The classic epic poems tell the story of the Trojan War and Odysseus‘ long journey back to Ithaca, but curiously enough, they do not feature the iconic wooden horse. In fact, the Iliad closes out right before the war is over.
The Trojan horse is being being mentioned in passing in the Odyssey.
“What a thing was this, too, which that mighty man wrought and endured in the carven horse, wherein all we chiefs of the Argives were sitting, bearing to the Trojans death and fate!
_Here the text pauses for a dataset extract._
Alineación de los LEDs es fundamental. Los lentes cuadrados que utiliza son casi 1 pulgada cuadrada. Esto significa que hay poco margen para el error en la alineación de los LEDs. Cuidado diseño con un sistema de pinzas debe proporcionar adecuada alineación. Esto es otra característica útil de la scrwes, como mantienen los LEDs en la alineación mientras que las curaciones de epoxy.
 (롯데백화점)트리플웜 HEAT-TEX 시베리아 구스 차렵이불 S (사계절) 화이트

But come now, change thy theme, and sing of the building of the horse of wood, which Epeius made with Athena’s help, the horse which once Odysseus led up into the citadel as a thing of guile, when he had filled it with the men who sacked Ilios.” — Homer, the Odyssey
It would be in Virgil, in Book II of the Aeneid who would give a more detailed description, 1000 years after the fact.
“After many years have slipped by, the leaders of the Greeks, opposed by the Fates, and damaged by the war, build a horse of mountainous size, through Pallas’s divine art, and weave planks of fir over its ribs they pretend it’s a votive offering: this rumour spreads. They secretly hide a picked body of men, chosen by lot, there, in the dark body, filling the belly and the huge cavernous insides with armed warriors.” — Virgil, Book II of the Aeneid
As pointed here there were 1200 years between the events he’s documenting and the Aeneid itself, which was written between 19BC and 29BC. The Trojan War was as old to him as the Crusades are to us today.
What was the Trojan Horse
There has been speculation that the Trojan Horse may have been a battering ram or other sort of siege engine resembling, to some extent, a horse, and that the description of the use of this device was then transformed into a myth by later oral historians who were not present at the battle and were unaware of that meaning of the name.
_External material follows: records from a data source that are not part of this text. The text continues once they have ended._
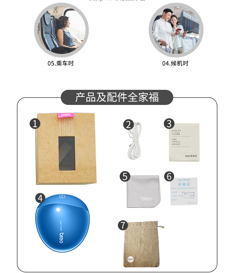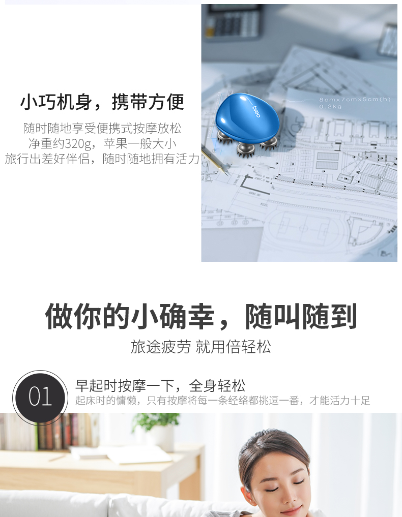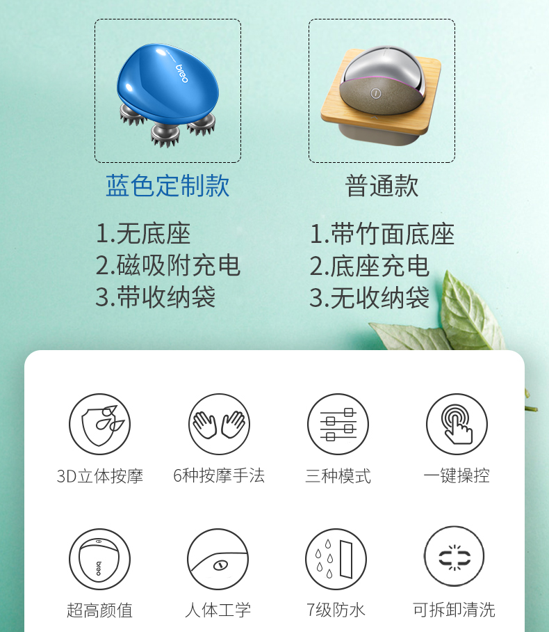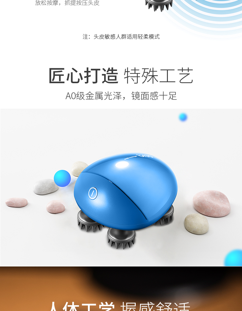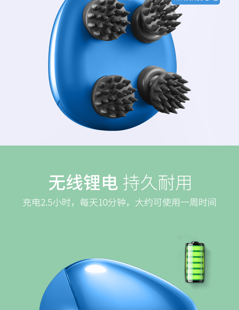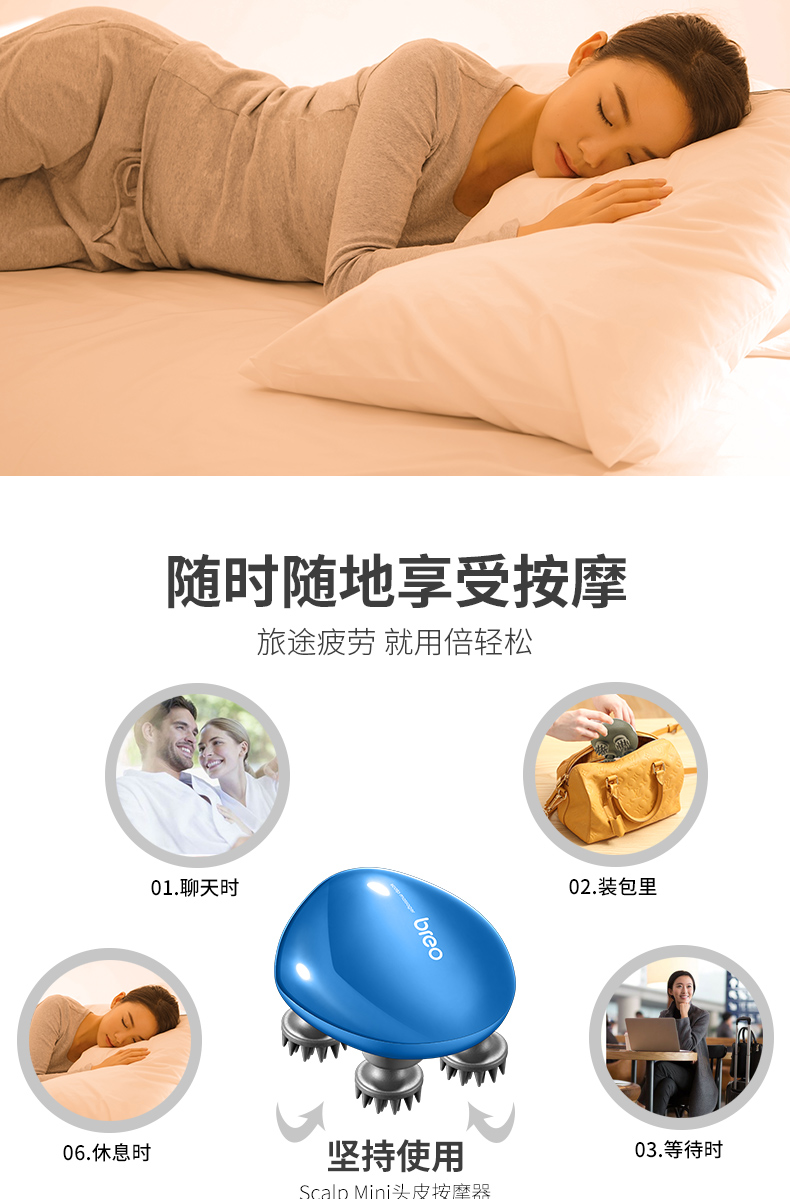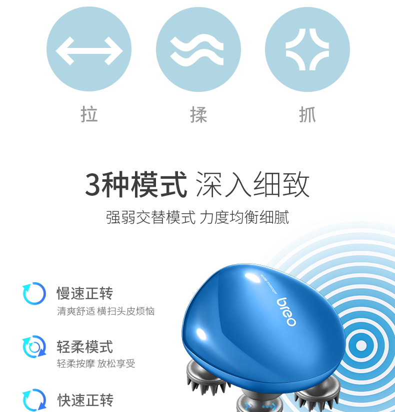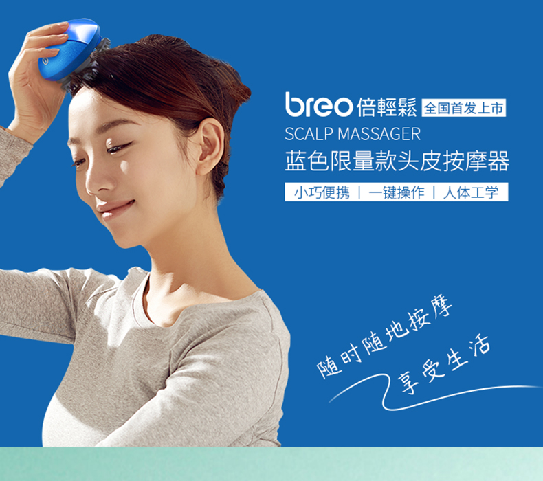 倍轻松(breo)头部按摩器Scalp Mini蓝色
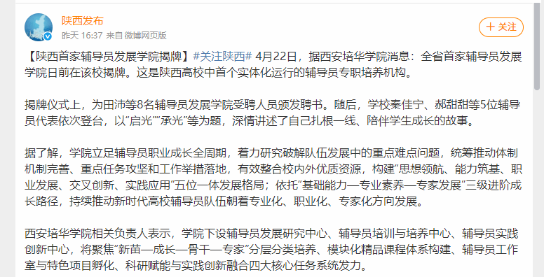 陕西发布:陕西首家辅导员发展学院揭牌
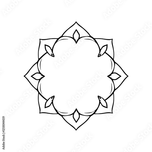 Black and white floral mandala-esque design in a simple, linear style.

The main theory is that it was not a literal horse with men in it, it was a battering ram with men under it, with a head perhaps carved into the shape of a horse and draped in horse skins.
Oxford University classicist Dr Armand D’Angour says that the wooden horse is an is an “imaginative fable.”
“Archaeological evidence shows that Troy was indeed burned down; but the wooden horse is an imaginative fable, perhaps inspired by the way ancient siege-engines were clothed with damp horse-hides to stop them being set alight.”
Some authors have suggested that the gift might also have been a ship, with warriors hidden inside.
A more speculative theory, originally proposed by Fritz Schachermeyr, states that the Trojan Horse is a metaphor for a destructive earthquake that damaged the walls of Troy and allowed the Greeks inside. In his theory, the horse represents Poseidon, who as well as being god of the sea was also god of horses and earthquakes. The theory is supported by the fact that archaeological digs have found that Troy VI was heavily damaged in an earthquake.